С огромной картины на Курта строго смотрел его предок, одетый в роскошный рыцарский костюм, у ног деда застыла красивая гончая, вопросительно глядевшая вверх на своего хозяина. Курт Бремер подвинул стоявший в углу массивный стул из черного дерева и присел перед портретом.

Он вспомнил…

Однажды, играя со сверстниками в карты, Курт услышал ехидное замечание в свой адрес, тихо брошенное одним из противников:

— Везет этому… как будто колдуну старому из Баварских лесов.

— Какому колдуну? — еле слышно переспросил сидевший рядом другой игрок.

— Известно какому, его деду, не слышал разве?

Курт насторожился и прислушался.

— Тсс… — шептавший о колдуне толкнул собеседника локтем, — потом расскажу.

Придя домой, Бремер устроил матери допрос. Та, отводя глаза в сторону, говорила, что сама давно ничего не слышала о своем родственнике и слышать не желает. Это только подогрело интерес Курта.

— Ну, мутти! Расскажи, пожалуйста, о дедушке! Правда, говорят, что он был колдуном?

Мать побледнела и внимательно посмотрела на сына.

— Кто это тебе такое сказал?

— Я случайно услышал, когда с приятелями играл в карты…

Мать помолчала и, подойдя к сыну вплотную, взяла его за плечи и проговорила побелевшими губами:

— Сынок… больше не спрашивай меня о нем.

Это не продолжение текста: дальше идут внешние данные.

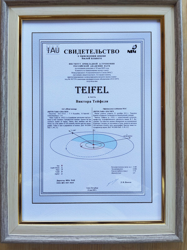 По решению Международного астрономического союза малой планете присвоено имя известного казахстанского ученого-астрофизика Виктора ТЕЙФЕЛЯ.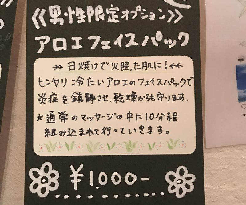 男性限定で通常のマッサージに、アロエフェイスパックを組み合わせることもできます。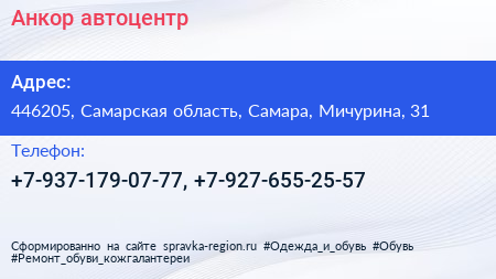 Анкор, автоцентр по адресу 446205, Самарская область, Самара, Мичурина, 31 в дальнейшем Организация, размещена в следующих категориях:
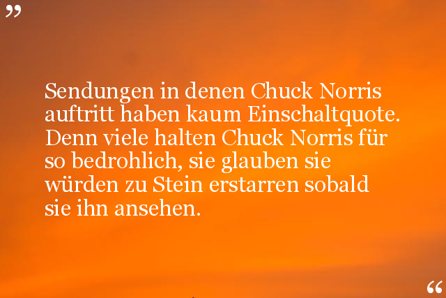 Sendungen in denen Chuck Norris auftritt haben kaum Einschaltquote. Denn viele halten Chuck Norris für so bedrohlich, sie glauben sie würden zu Stein erstarren sobald sie ihn ansehen.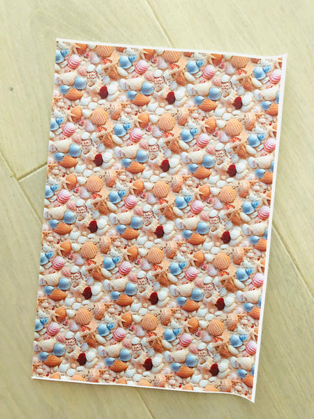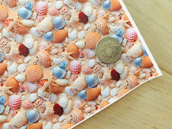 Printed pebbled leather with sea shell design
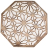 Side table in sleek octagon shape. Natural wood hue with an antique white finish. Carved with diamond flowers and Morrocan-style cutouts
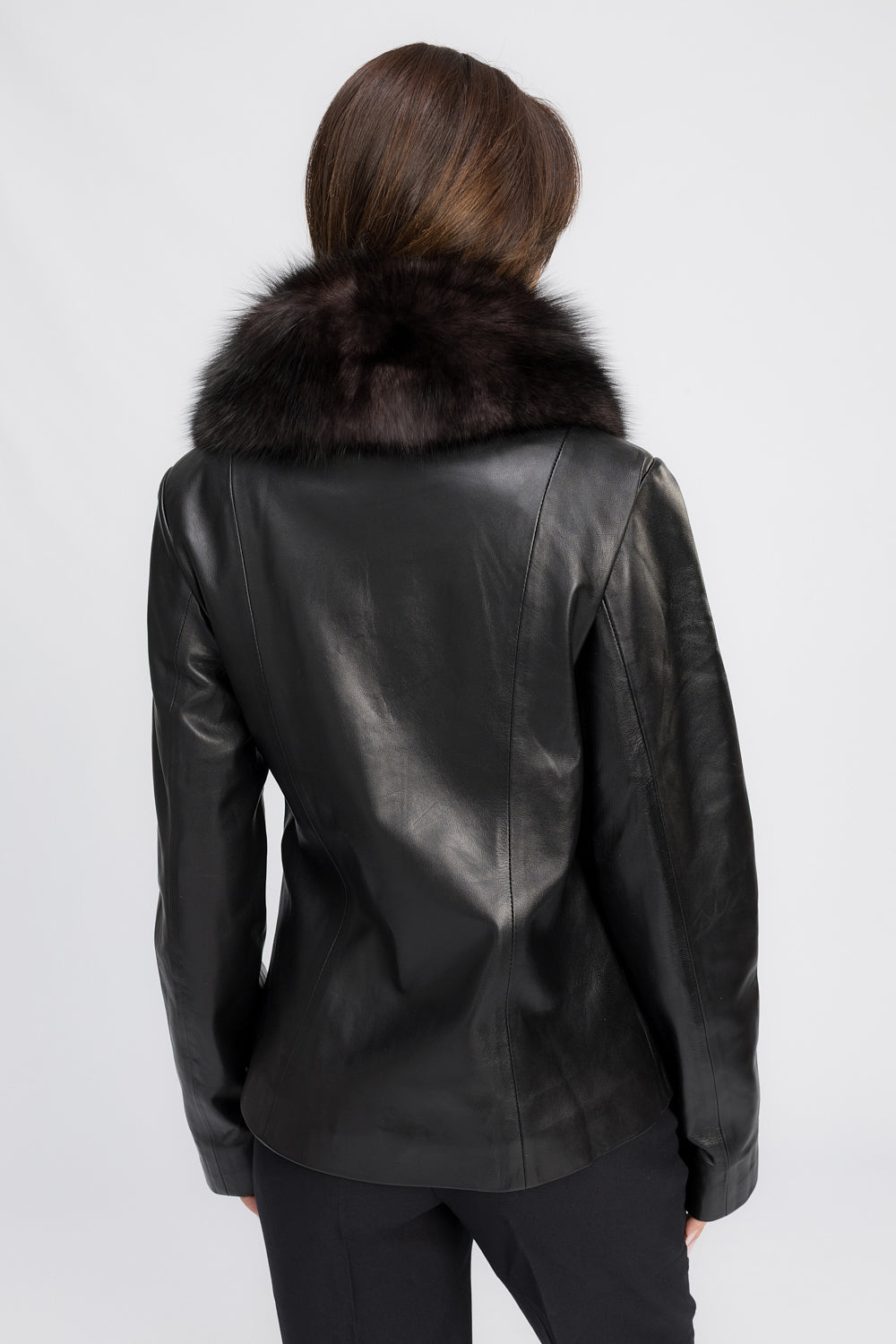 Geacă din Piele Naturală, cu Guler din Blană de Vulpe, Femei, Obsidian 442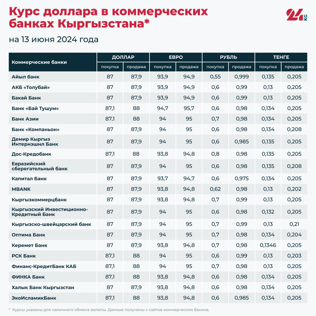 Курс доллара в коммерческих банках Кыргызстана на 13 июня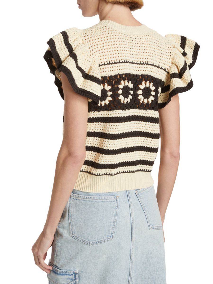 Топ Penelope от Rails, связанный крючком из легкой хлопковой смеси, украшен цветочным и полосатым мотивом, обрамленным рукавами-крылышками.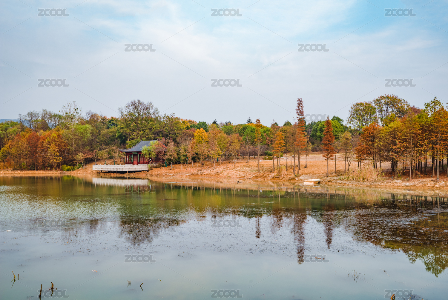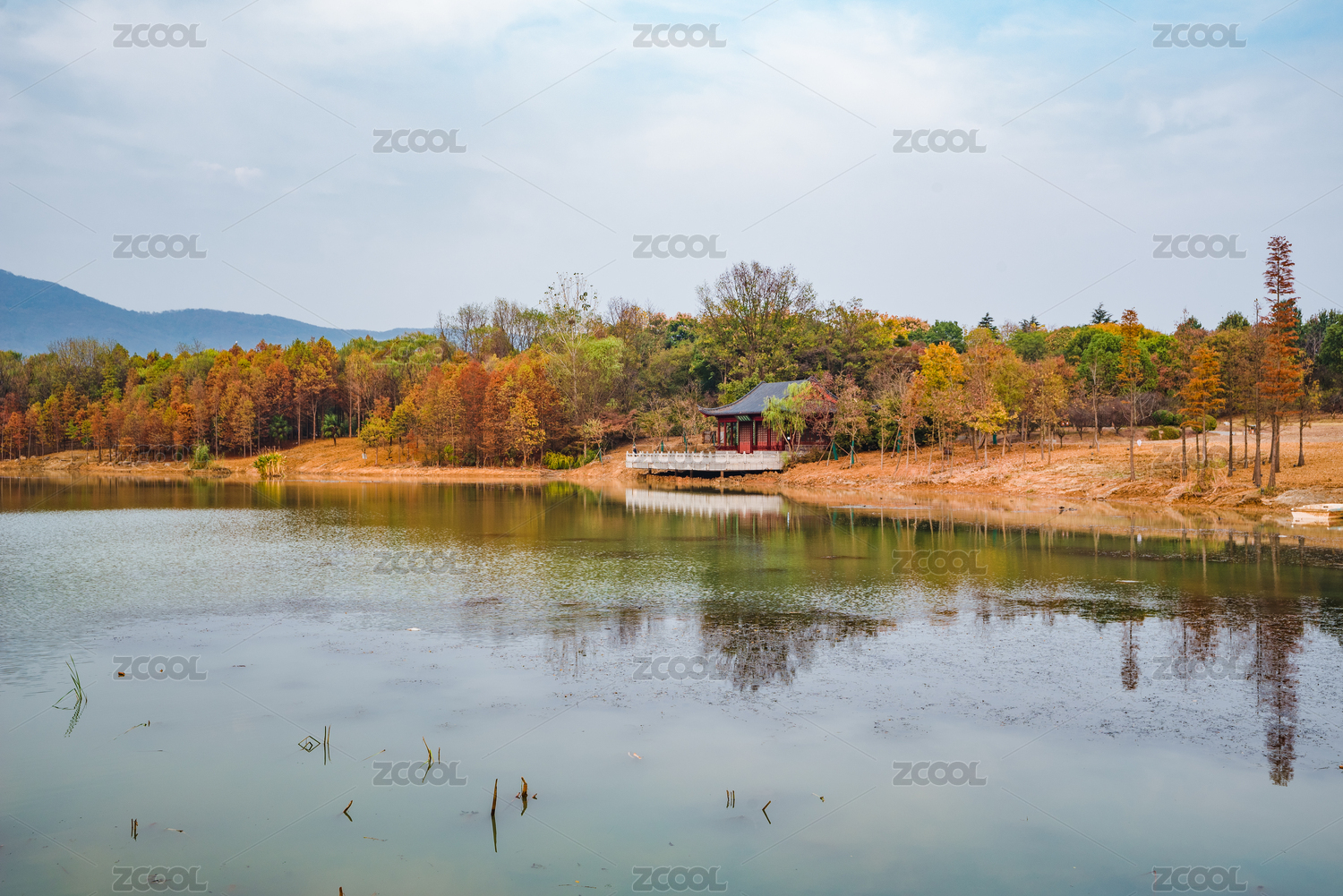 秋天藍(lán)天下的中國(guó)江蘇省南京明孝陵景區(qū)燕雀湖臺(tái)

И я тебя умоляю — не играй никогда в карты! Слышишь! Никогда не играй! Никогда!! — каждое следующее слово она произносила все громче и громче, ее руки, до синевы в суставах стискивающие сына, затряслись, и голова Курта стала раскачиваться в такт выкрикиваниям матери.

Курт испугался.

— Ладно, мутти… не буду больше расспрашивать тебя… Успокойся, пожалуйста! — он увидел, как глаза матери стремительно наливаются слезами.

— А играть не станешь? — всхлипнув, спросила мать.

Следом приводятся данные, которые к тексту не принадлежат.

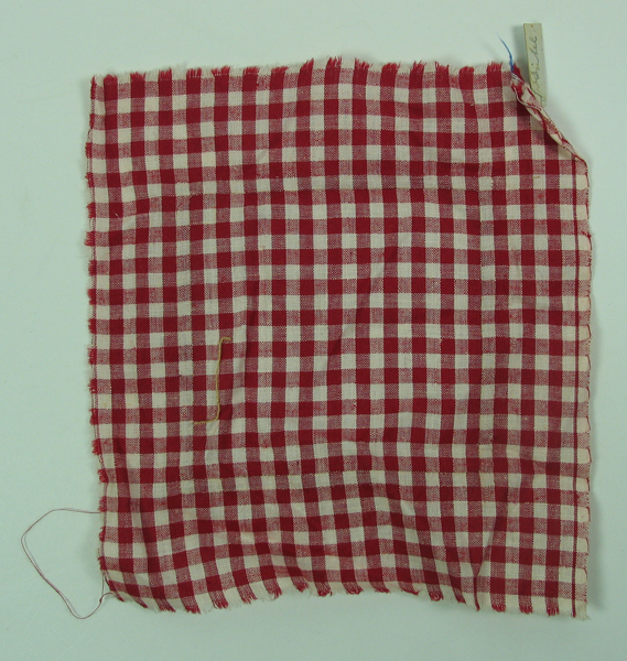 Proefstuk, vierkant, van rood geruit katoen. Op proefstuk is een stukje ingezet met vier hoeken met een doorlopend ruitje. Etiket linksboven. Zijkanten van proefstuk zijn onafgewerkt. Werkstuk gemaakt op meisjesvakschool Brielle.
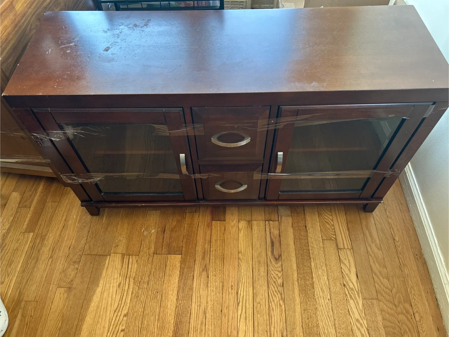 Selling a brown wooden TV stand with glass doors and drawers. It shows some signs of use on the top surface, but is otherwise in good condition. Perfect for adding storage and style to your living room! A good wash and it’s brand new.

— Да…, наверное, — неуверенно произнес юноша.

— Я тебя заклинаю! Умоляю всеми святыми! О, Боже! Пресвятая Мария! Услышь меня и вразуми моего отрока! Я знаю, — она остановилась, помолчала и как-то обреченно добавила. — Недолго мне осталось… недолго.

— Ну что ты, что?! — сын обнял мать, уткнувшись носом в так знакомо пахнувшие волосы. — Ты еще долго проживешь, я знаю!

Мать немного отодвинулась назад и, обхватив ладонями лицо Курта, посмотрела ему в глаза:

— Спасибо, и я надеюсь. Слава Всевышнему, как-то сумели мы прожить без отца столько лет, и ты уже почти взрослый. Но если что… — она отвернула свой взгляд в сторону, — ты будь готов к еще более тяжким испытаниям. Понимаешь меня?

— Да мутти, — ответил сын, — понимаю, не маленький уже.

Но Курт не предполагал, что это время наступит так быстро.

Через несколько месяцев, вернувшись в полночь с хмельной пирушки, где он распевал в полуподвале пивной с друзьями старинные песни Саксонии, он по привычке хотел, было тихо проскользнуть в свою комнату, как вдруг услышал странный звук, донесшийся из спальни матери. Курт остановился, замер и прислушался. Тихо. Он сделал шаг в направлении своей двери, как звук повторился. Юноша повернулся и подошел к покоям матери. Хриплый, неузнаваемый звук человеческого голоса донесся до него сквозь массивную дубовую дверь.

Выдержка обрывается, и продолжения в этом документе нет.